▶ **INSTRUCTIONS FOR THE TASK**
Only the lines from the one containing "Come hill... or" to the end of the material are to be copied, exactly and in full; images stay out.

════════════════

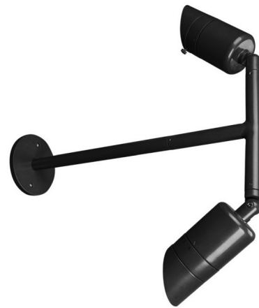
Shown in architectural black

LAMP LIFE . . . . . 50000 hours BEAM SPREAD . . . . . Adjustable COLOR RENDERING . . . . . 85 CRI LAMP COLOR . . . . . 3000K LUMENS/WATT . . . . . 152.00 LUMINOUS FLUX . . . . . 2280 lumens
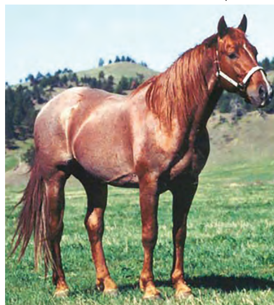
2000 | Ima Bit of Heaven
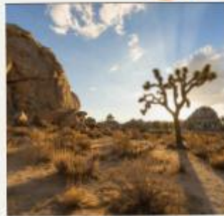
DAY 02: LAS VEGAS ENJOY THE VIEW OF THE MOJAVE DESERT VIEW DURING THE DRIVE TO LAS VEGAS. OPTIONAL: LAS VEGAS NIGHT TOUR
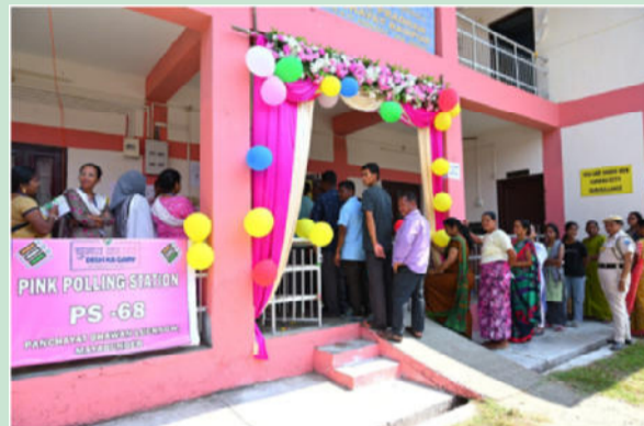
Voters cast their votes at Pink Polling Station, Mayabunder
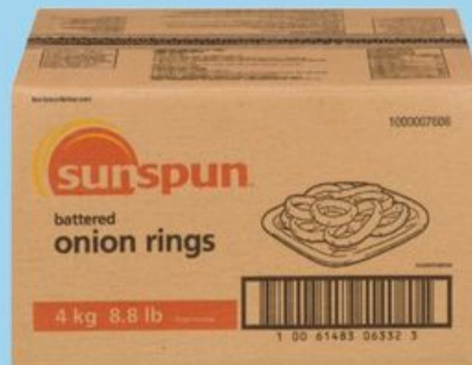
sunspun™ battered onion rings frozen, 4 kg 21209854_EA
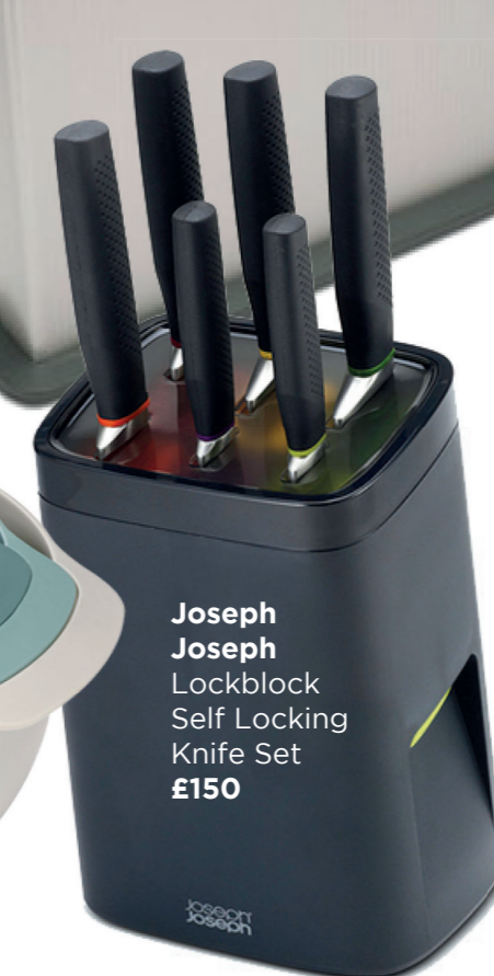
Joseph Joseph Lockblock Self Locking Knife Set £150
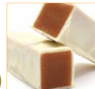
BF401 Barcode: 5060352653748 21 x 100g
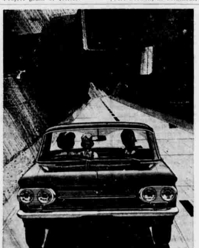
Monza Spyder Club Coupe

Come hill... or high water Vacations go smoother in a Chevrolet Corvair
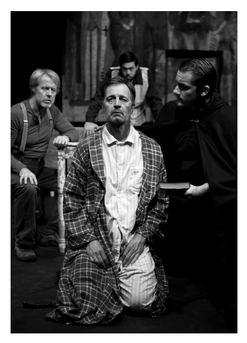
You've done it again—The Night Heron is powerful, compelling, engaging, humorous, and deeply human.
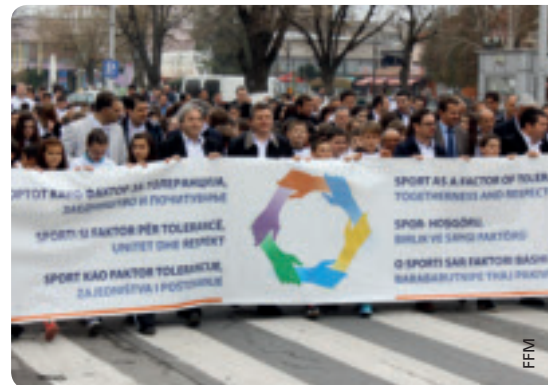
Sport as a vehicle of tolerance and respect

Under the patronage of the president of the Former Yugoslav Republic of Macedonia, Gjorge Ivanov, and in partnership with the global geostrategic institute, the Football Federation of Macedonia (FFM) has organised grassroots events in six regions for participants from different ethnic backgrounds as part of a project promoting sport as an agent of tolerance, togetherness and respect.
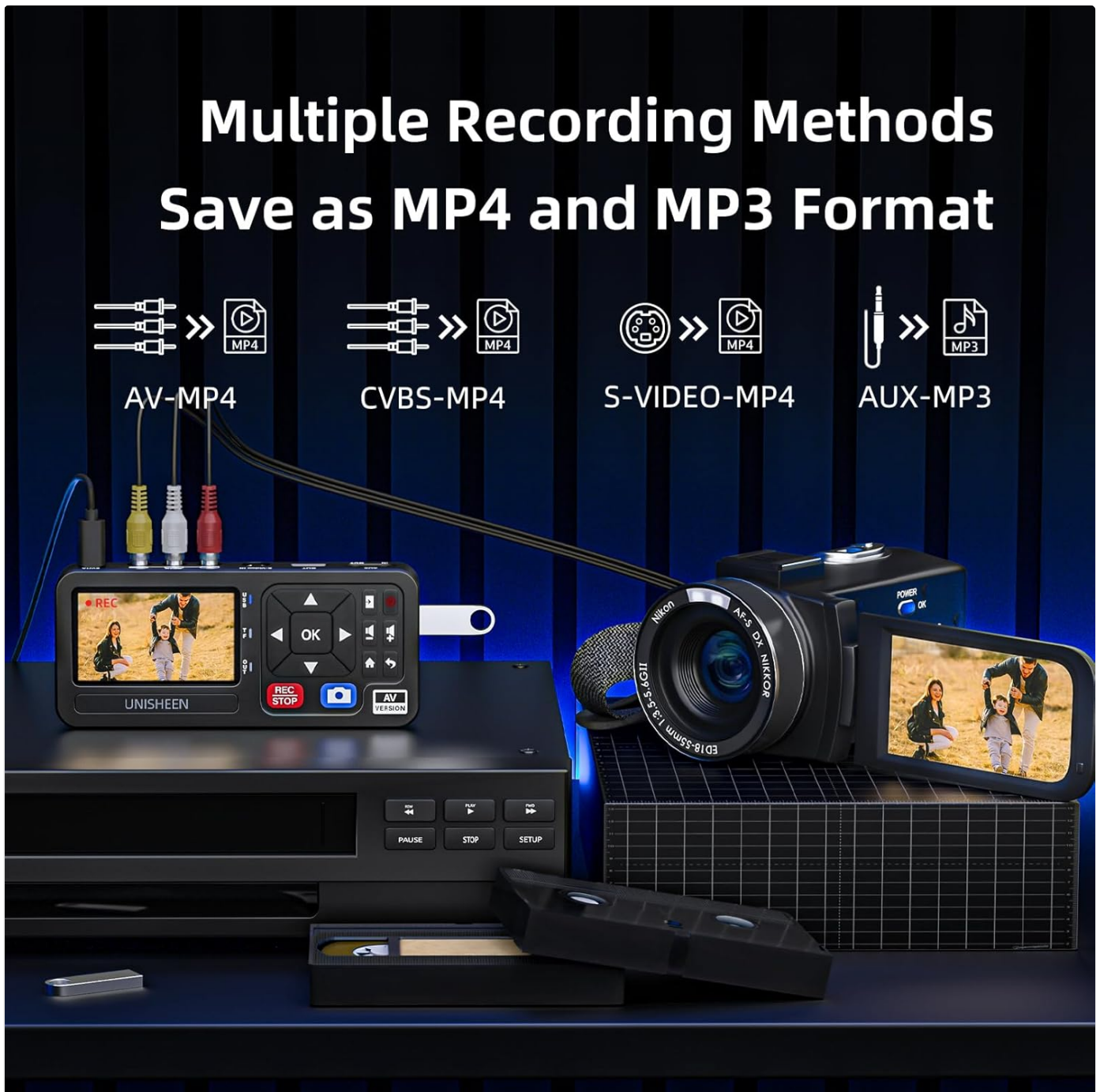
Image: A visual representation of the UNISHEEN UR230A connected to a camcorder and a VCR, illustrating multiple recording methods. It shows how AV, CVBS, and S-Video inputs can be saved as MP4 video files, and AUX input can be saved as MP3 audio files.

════════════════

▶ **RESULT FOR THIS TASK**
Come hill... or high water Vacations go smoother in a Chevrolet Corvair
You've done it again—The Night Heron is powerful, compelling, engaging, humorous, and deeply human.
Sport as a vehicle of tolerance and respect

Under the patronage of the president of the Former Yugoslav Republic of Macedonia, Gjorge Ivanov, and in partnership with the global geostrategic institute, the Football Federation of Macedonia (FFM) has organised grassroots events in six regions for participants from different ethnic backgrounds as part of a project promoting sport as an agent of tolerance, togetherness and respect.
Image: A visual representation of the UNISHEEN UR230A connected to a camcorder and a VCR, illustrating multiple recording methods. It shows how AV, CVBS, and S-Video inputs can be saved as MP4 video files, and AUX input can be saved as MP3 audio files.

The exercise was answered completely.